In the early Renaissance style, the chimneypiece of the Palais de Justice at Bruges is a magnificent example; the upper portion, carved in oak, extends the whole width of the room, with nearly life-size statues of Charles V and others of the royal family of Spain. The most prolific modern designer of chimneypieces was G. B. Piranesi, who in 1765 published a large series, on which at a later date the Empire style in France was based. In France, the finest work of the early Renaissance period is to be found in the chimneypieces, which are of infinite variety of design.

The English chimneypieces of the early seventeenth century, when the purer Italian style was introduced by Inigo Jones, were extremely simple in design, sometimes consisting only of the ordinary mantel piece, with classic architraves and shelf, the upper part of the chimney breast being paneled like the rest of the room. In the latter part of the century the classic architrave was abandoned in favor of a much bolder and more effective molding, as in the chimneypieces at Hampton Court, and the shelf was omitted.

In the eighteenth century, the architects returned to the Inigo Jones classic type, but influenced by the French work of Louis XIV and XV. Figure sculpture, generally represented by graceful figures on each side, which assisted to carry the shelf, was introduced, and the over-mantel developed into an elaborate frame for the family portrait over the chimneypiece. Towards the close of the eighteenth century the designs of the Adam Brothers superseded all others, and a century later they came again into fashion. The Adam mantels are in wood enriched with ornament, cast in molds, sometimes copied from the carved wood decoration of old times.

Mantels or fireplace mantels can be the focus of custom interior decoration. A mantel traditionally offers a unique opportunity for the architect/designer to create a personal statement unique to the room they are creating. Historically the mantel defines the architectural style of the interior decor, whether it be traditional i.e.
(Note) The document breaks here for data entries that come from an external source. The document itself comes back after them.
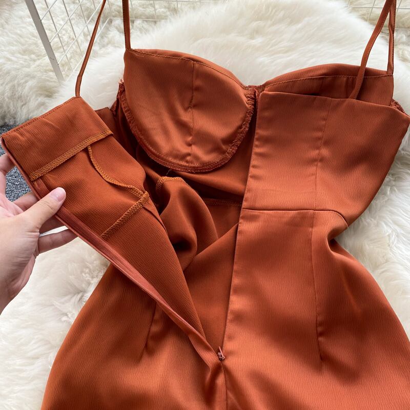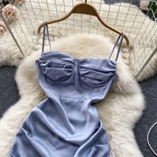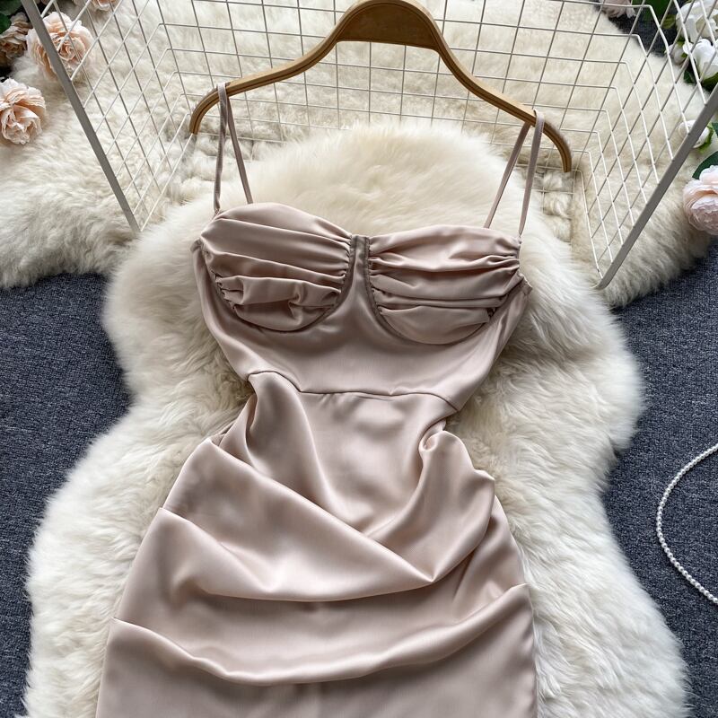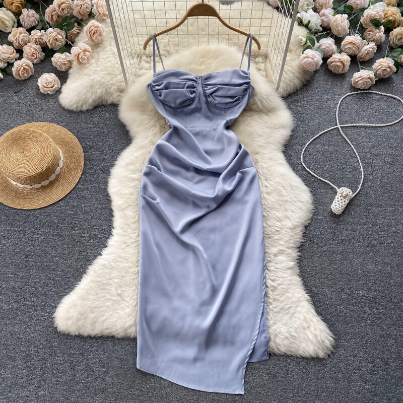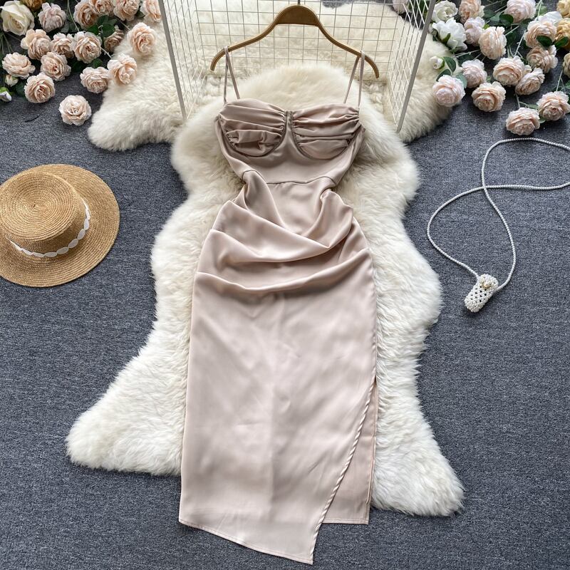 フレンチレトロな雰囲気のサテンサスペンダースカートレディースライトラグジュアリースリットイレギュラースイングカラープリーツセクシードレス潮 lyxaj82863332317
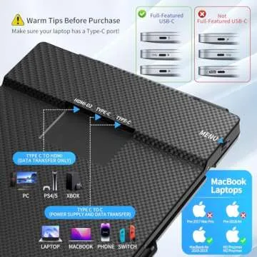 BOSII Laptop Screen Extender Portable - 14 Inch Triple IPS FHD 1080P HDMI/USB-A/Type-C Extended Monitor for Laptops (Maximum Length: 15.74") Compatible with Windows Mac Travel Work
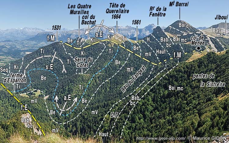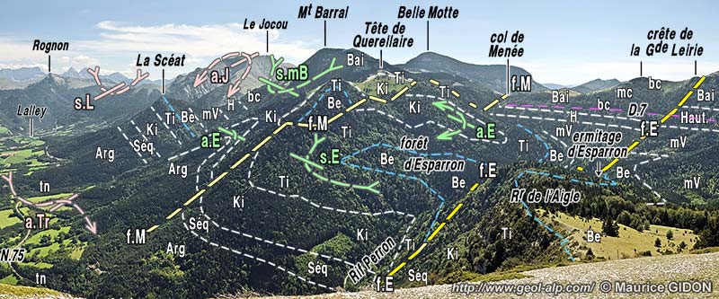 Sur le revers sud de la crête Leirie - col de Menée (crête de partage des eaux entre Drac et Drôme) les deux failles d'Esparron et de Menée coupent le crêt émoussé formé par le Barrémien inférieur (voir les pages Belle Motte et Combau); mais elles n'y induisent qu'un faible décalage horizontal des contours stratigraphiques. Leur tracé s'accompagne surtout d'un abaissement d'un compartiment intercalaire (qui apparaît ainsi comme un graben atypique, puisque limité par des failles verticales).
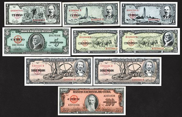 Cuba. 1, 5, 10, 100 Pesos. P-87a (Low serial # A001210A) c; 88c (2), 90; 91a (2); 92; 93a. The 87c is EF with an edge knock; Others Choice Very Fine. 9 pieces. (Arthur C. Matz Collection)
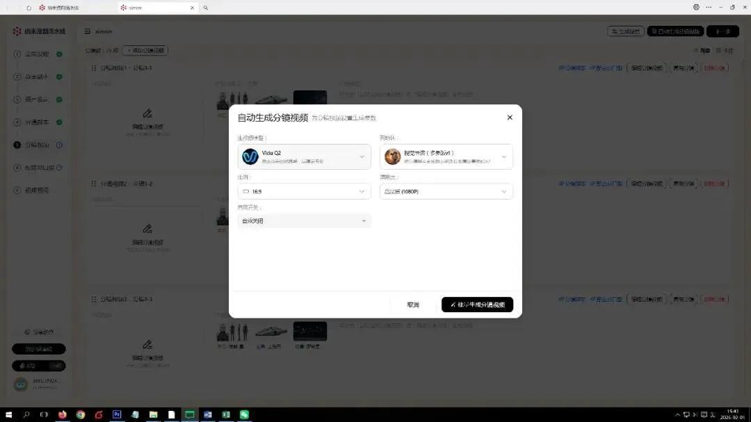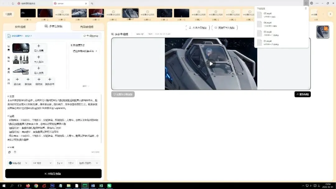 分镜脚本生成完之后,选择需要的模型,后续来生成分镜的视频!
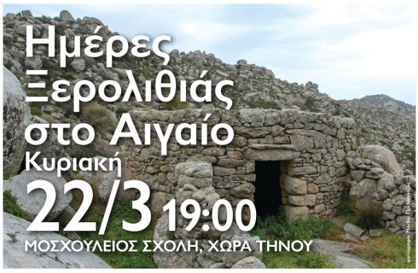 – Ομιλία του ιστορικού κου Μάρκου Παλαμάρη με τίτλο «Η ιστορικότητα της ξερολιθιάς στην Τήνο: Αγροτικό τοπίο, τεχνογνωσία και πολιτιστική κληρονομιά στο νησί του θεού Βορέα»•
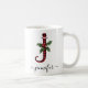Schwarz und Rot Buffalo Karierte J Monogram Xmas Kaffee-Tasse mit einem niedlich A Anfangsbuchstaben mit einem Büffel kariertes Muster und mistletoe Aquarellelement. Die individuelle Name-Vorlage unter dem J Monogramm ist in einem Wirblen handgeschriebenen Kalligraphie-Schriftart mit Schnörkeln. Gönnen Sie sich eine durchdachte personalisierte Weihnachtsfeier als Winterurlaubsgeschenk oder kleine Geschenk. Für einen anderen Karo in Monogrammbriefen im Abschnitt "Andere Produkte aus dieser Sammlung" unten.
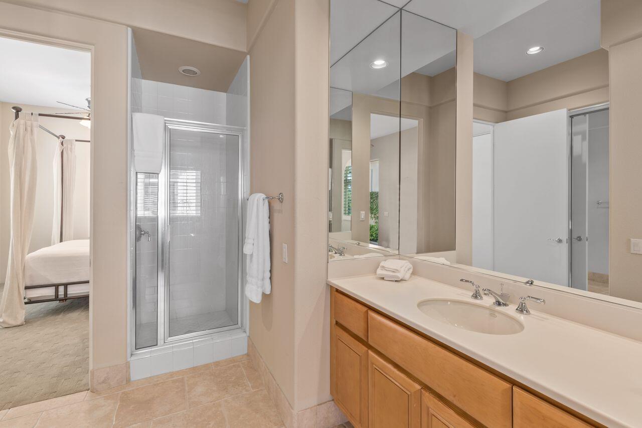 AVAILABLE May 25' through February 26'-Popular Encanto II Floor Plan at Rancho La Quinta Country Club has been recently refreshed and is ready for seasonal occupancy. This private golf course home enjoys long fairway, lake and mountain views. Totaling 3 bedrooms and 3 and 1/2 baths, the spacious interior of the property has 2 bedrooms each with their own bathroom plus a powder room. The detached casita offers another bedroom, bathroom and a living area with a pull-out sofa. The property is tastefully furnished with high end furnishings and has the best of modern conveniences including a new 75'' smart tv in the great room, sonos sound system, high speed internet and premium cable, fully stocked kitchen and outdoor entertaining area with pool/spa and built-in bbq. Centrally located in La Quinta, California and close to the Indian Wells Tennis Garden, Old Town La Quinta, Empire Polo Fields, Golf Courses, Hiking and more. This is truly a one of a kind vacation property. You won't want to leave! 30 day minimum rental required. Rates vary based on time of year and length of stay, advertised rate is for 'shoulder season.' ***NOTE- backyard has been fully remodeled as shown in photos***Interested in this Listing?
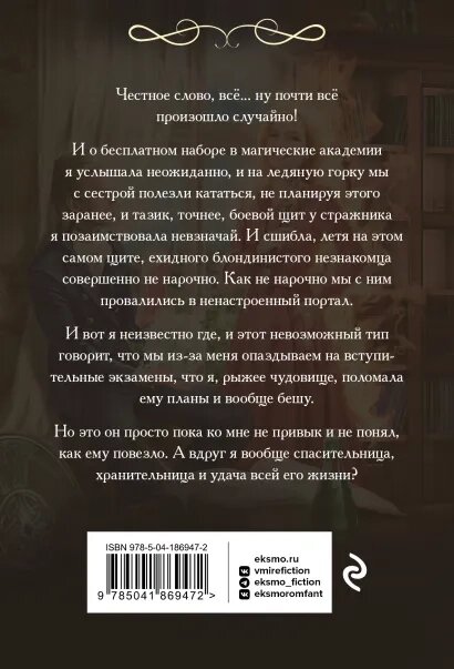 Честное слово, всё... ну почти всё произошло случайно! И о бесплатном наборе в магические академии я услышала неожиданно, и на ледяную горку мы с сестрой полезли кататься, не планируя этого заранее, и тазик, точнее боевой щит, у стражника я позаимствовала невзначай. И сшибла, летя на этом самом щите, ехидного блондинистого незнакомца совершенно не нарочно. Как не нарочно мы с ним провалились в ненастроенный портал.
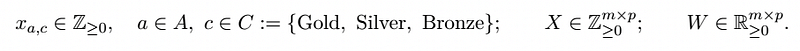 给定一组代理机构A和持续接入的保单流P,我们需要确定向每个代理机构、每个保单等级(黄金级Gold、白银级Silver、青铜级Bronze)分配的保单数量,在满足特定约束条件(代理机构容量、邮政编码适用性、保单总数量、惩罚机制等)的前提下,最大化总生产力。
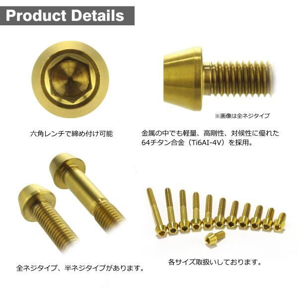 チタンボルト M5×50mm P0.8 テーパーヘッド 六角穴付き キャップボルト ゴールドカラー 金色 1個 JA379
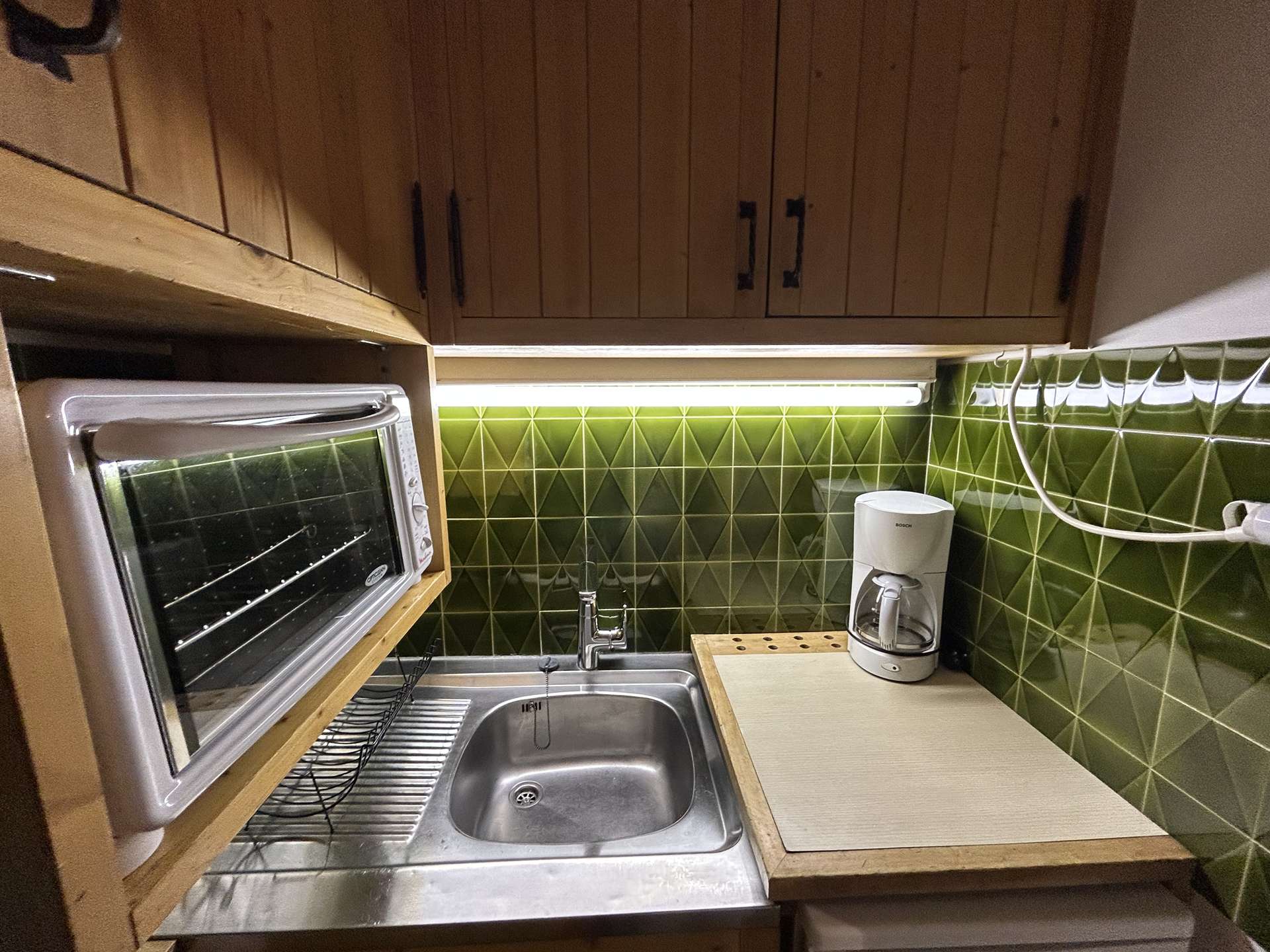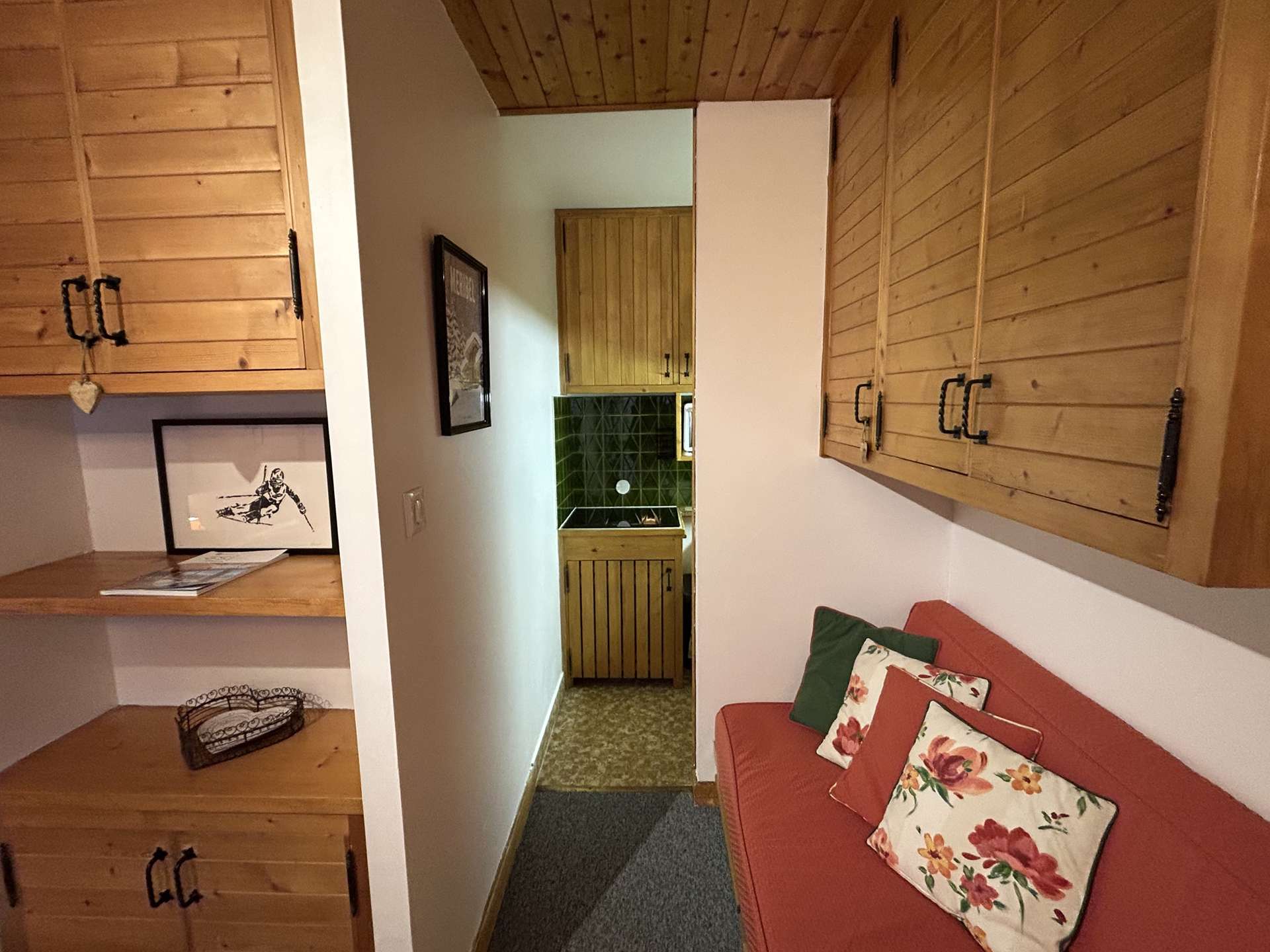 This Studio in the mountains, located on the ground floor, includes a living room with 2 single beds and a television, a small kitchen open to the living room with 4 electric hobs, an entrance with 2 single beds, a bathroom with bathtub "hoof" and a separate toilet.

Classic, Renaissance, Italian, French, American, Victorian, Gothic etc.

The choice of material for the mantel includes such rich materials as marble, limestone, granite, or fine woods. Certainly the most luxurious of materials is marble. In the past only the finest of rare colored and white marbles were used. Today many of those fine materials are no longer available, however many other beautiful materials can be found worldwide. The defining element of a great mantel is the design and workmanship.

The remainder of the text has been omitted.